И на завалинке сбираются как на какой-нибудь парламент. Хороша завалинка у образцового дома вдовы Грачевой; защищена и от смоляного дыма едкого, и от солнцепека, а напротив, как раз у мостика через ручей, возвышается блистающий зеркальными окнами Кикин чертог.
Приходит бурмистр, сиречь цеховой староста, по фамилии Данилов, с золоченой цепью во весь живот, поигрывает ключиками от чуланов, где лежит его имущество. Является бездельник карлик Нулишка, который, хотя и монстр, но происхождения дворянского. Присутствует и вдовы той нахлебник, студент Миллер, в жалких очочках, которого никто иначе как Федя не называет. Тут, наконец, и главный закоперщик всяких бесед — отставной драгун Ерофеич, промышлявший трепанием конопли.

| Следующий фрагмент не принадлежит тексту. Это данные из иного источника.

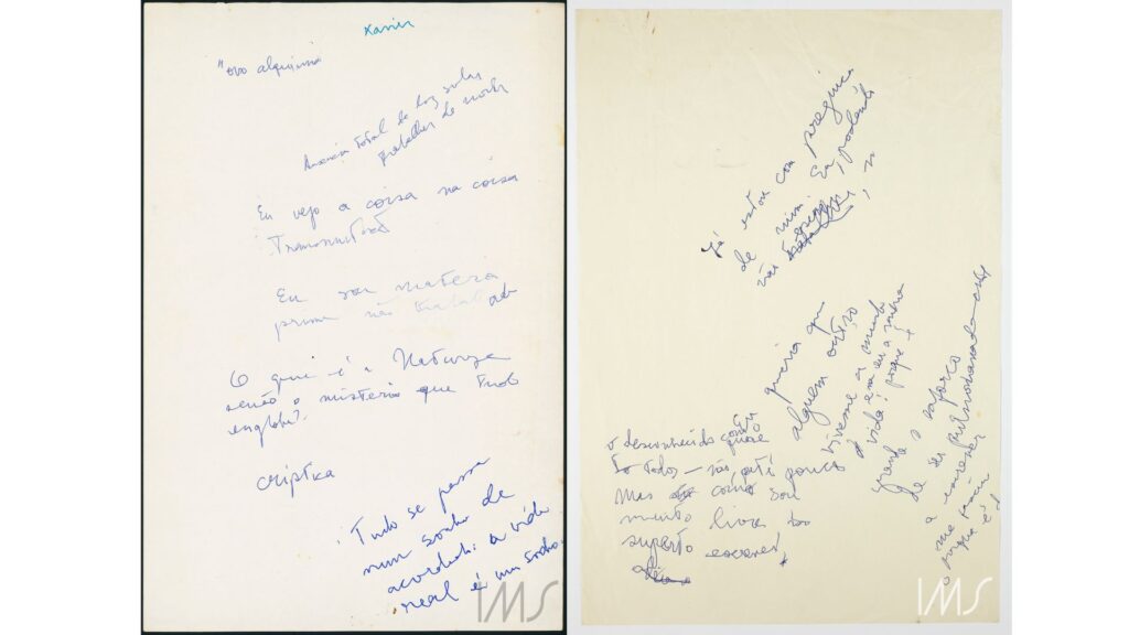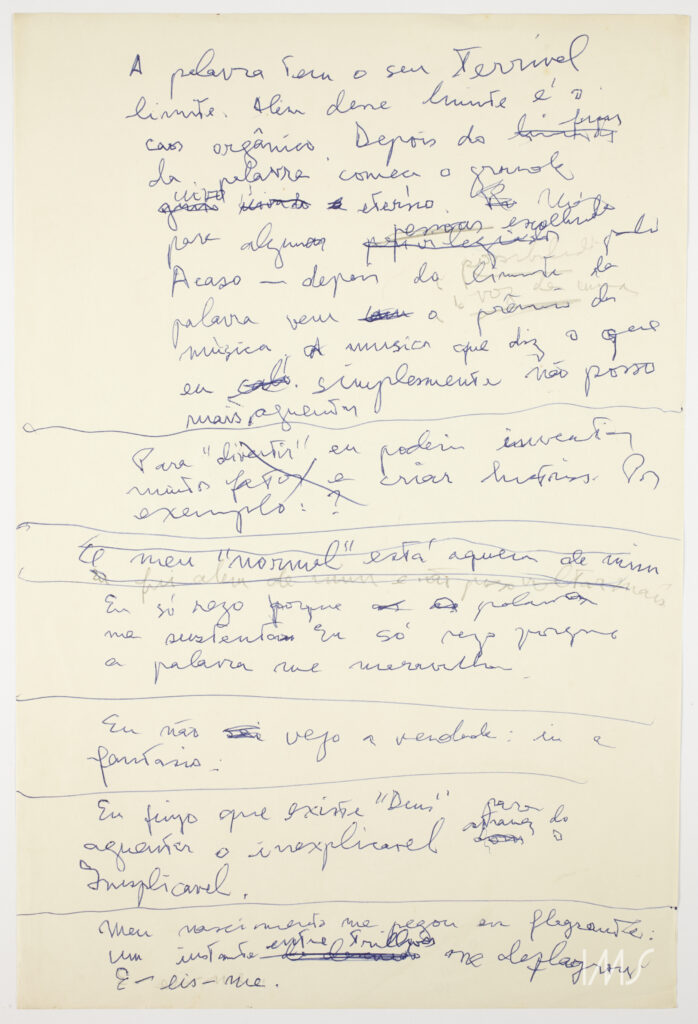 This threat does not seem to be part of Lispector’s repertoire: she is not frightened by the end of space, but invents others, whether by going up, going down, or flanking the base text. If the margins exist as a physical limitation, her text – without any limitation whatsoever – revolves around itself, whose end only finishes with the end of the idea.
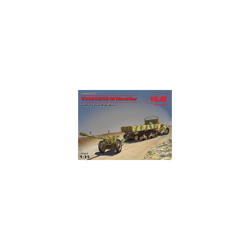 Le Ford Maultier est la conversion d’un camion Ford V3000 où l’essieu arrière est remplacé par des arbres de transmission du Panzer I. La maquette militaire ICM au 1/35 propose une reproduction fidèle de ce modèle accompagnée d'un canon Pk 36, réf: 35803
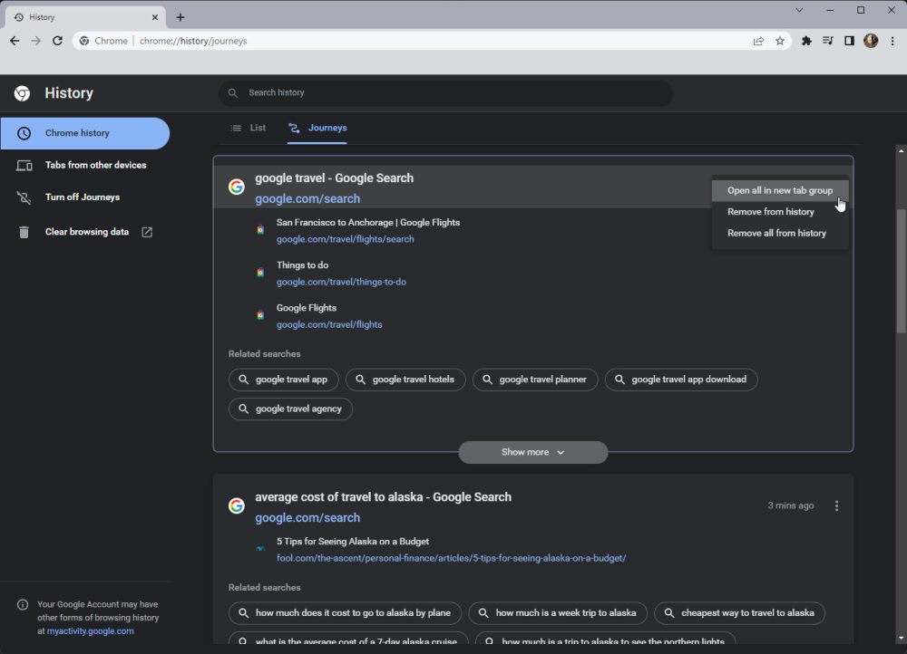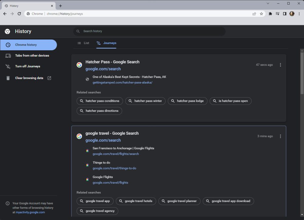 Journeys allow users to see their path through the internet in grouped-up entries. Those entries are based on the topic you searched for or found and display all the sites that you visited in that search. For instance, if you did end up researching a trip to Alaska, Google Chrome’s Journeys page would show you all of the sites you visited that had to do with that research. That includes the initial Google Search, pages you visited from there, and so on. All the information is displayed in a neat window and helps you revisit any of those pages with ease. This is Chrome’s answer to interrupted searches and the natural derailments you experience when browsing the internet.
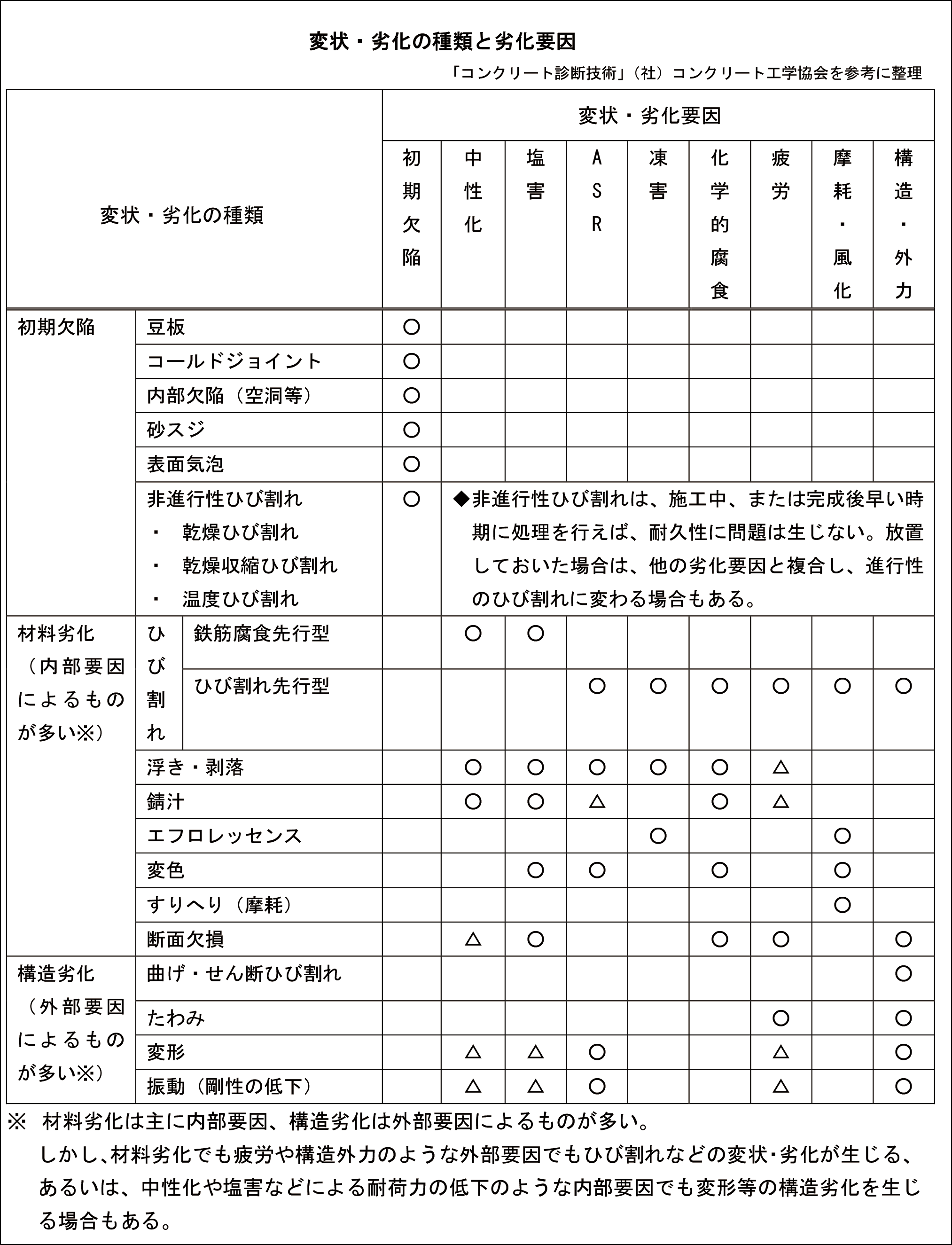 劣化現象 施工による不具合と劣化現象 コンクリートは丈夫で耐久性があり、しかも自由な形状にできる。多くの構造物に用いられてきている代表的な建設材料である。

Пеший ли, конный ли — все завалинке той пища для рассужденья. Пока идет он или едет, завалинка молча грызет орешки или щелкает тыквенное семя. Следуя мимо, он непременно завалинке всей поклонится, и завалинка обязательно ответит, а у кого есть шляпа или хотя бы треух — приподнимет.
А уж когда путник, скроется из виду, тут завалинка даст себе волю — все косточки перемоет.

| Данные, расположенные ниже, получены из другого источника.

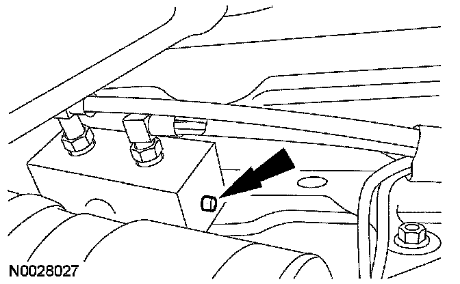 9. Remove the fill plug and check the fluid level. If necessary, add automatic transmission fluid to the bottom of the fill hole.
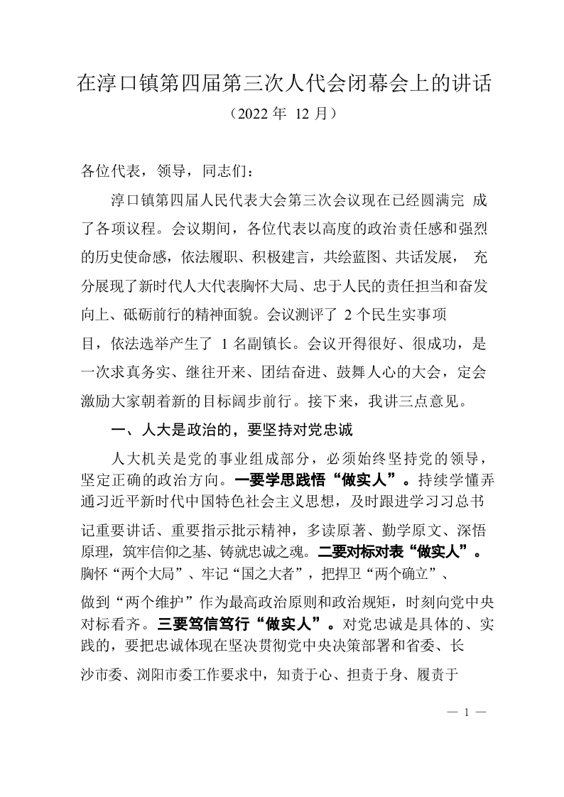 (书记)在第四届第三次人代会闭幕会上的讲话-2022年12月
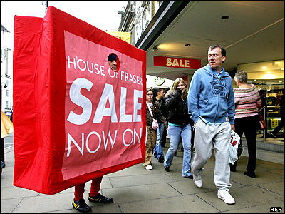 مردی در لباس يک ساک خريد عظيم، آغاز حراج در يکی از فروشگاههای بزرگ لندن را تبليغ می کند. از امروز حراج های بعد از کريسمس در بيشتر فروشگاههای لندن آغاز شد.
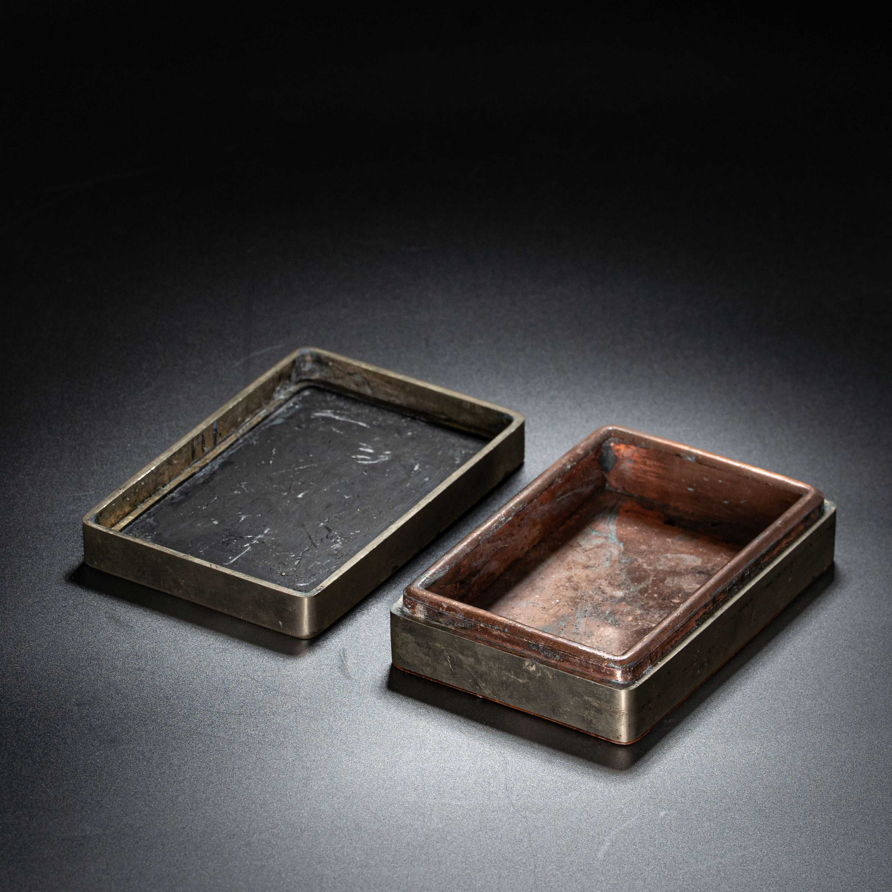 此件刻铜墨盒不仅是民国刻铜工艺的巅峰之作,更是近现代艺术史上一段中日文化交流的珍贵物证。墨盒由近代著名文房名店“清秘阁”精制,其特殊性在于其背后承载的深厚人情往事。
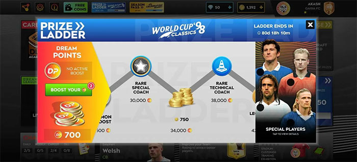 Khi tiếp tục tích lũy DP, người chơi sẽ leo lên Prize Ladder và cuối cùng mở khóa đá quý và tiền xu cùng với 4 Classic Player khác đã góp mặt trong World Cup 98. Mỗi chu kỳ thang giải thưởng kéo dài trong 90 ngày và game thủ có thể mong đợi những Classic Player mới vào cuối mỗi chu kỳ.
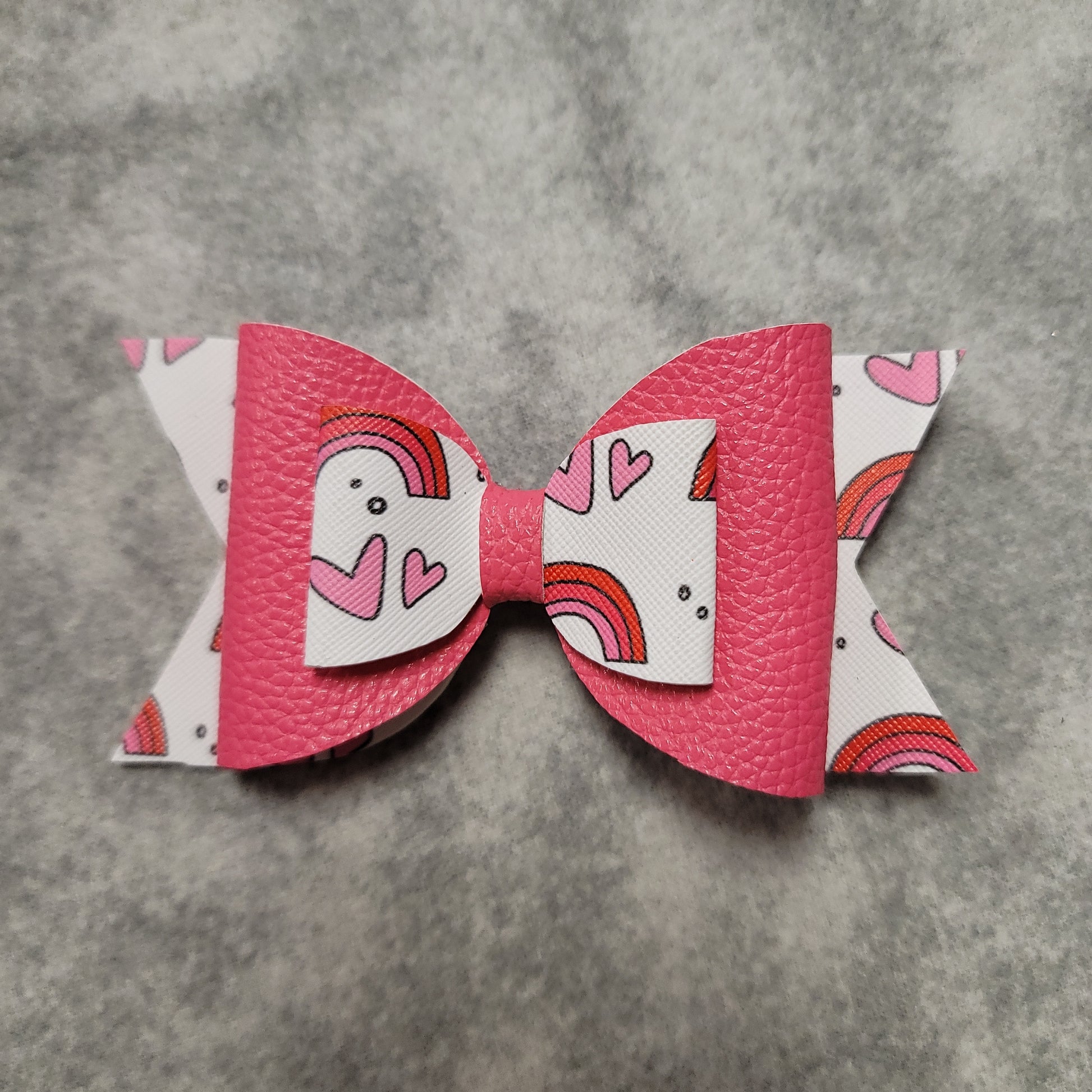Double stack pink, hearts and rainbows hairbow.

— Гляньте! — пропищал карлик Нулишка. Таков уж у него был голос пронзительный. — Гляньте! От Кикиных палат уже третий воз с пожитками принцев отъехал.
— Не успели принцами заделаться, уже пожитки возами возят.
— Каждого одень, обуй, — сказал отставной драгун Ерофеич, доставая кисет с табачком. — Да не по-простому, по-княжескому.
— Да накорми, да напои! — волновалась завалинка. — А на торжищах-то — шаром покати.
Боязливая вдова охнула из окна своей кухни:
— Ох, господа хорошие, вы говорите, говорите, а до Тайной канцелярии не доведите.
— Кого тут бояться? — взвизгнул Нулишка. — Тут все свои.
— Свои-то свои… — усмехнулся Ерофеич, наскреб в кисете табачку и двумя пальцами засунул в нос. — А как бы не случилось, как в Святогорском монастыре.
— А что случилось в Святогорском монастыре? — воскликнула в один голос завалинка, предвкушая интересный рассказец.
— А там инок[13] Варлаам, отменного жития старец, рассказывал братии, будто царя нашего за рубежом подменили, прислали взамен басурмана. Тот и пошел всем бороды брить, головы сносить. Всех обольстил, только сын его богоданный, царевич, правду ту прознал, за что его басурман мучениям подверг.
Ерофеич сладко зажмурился на заходящее солнце и чихнул, будто из пушки выстрелил, а завалинка ждала продолжения.
— Сам ты басурман, — сказала вдова Грачиха, хотя в своем окошке тоже ждала продолжения.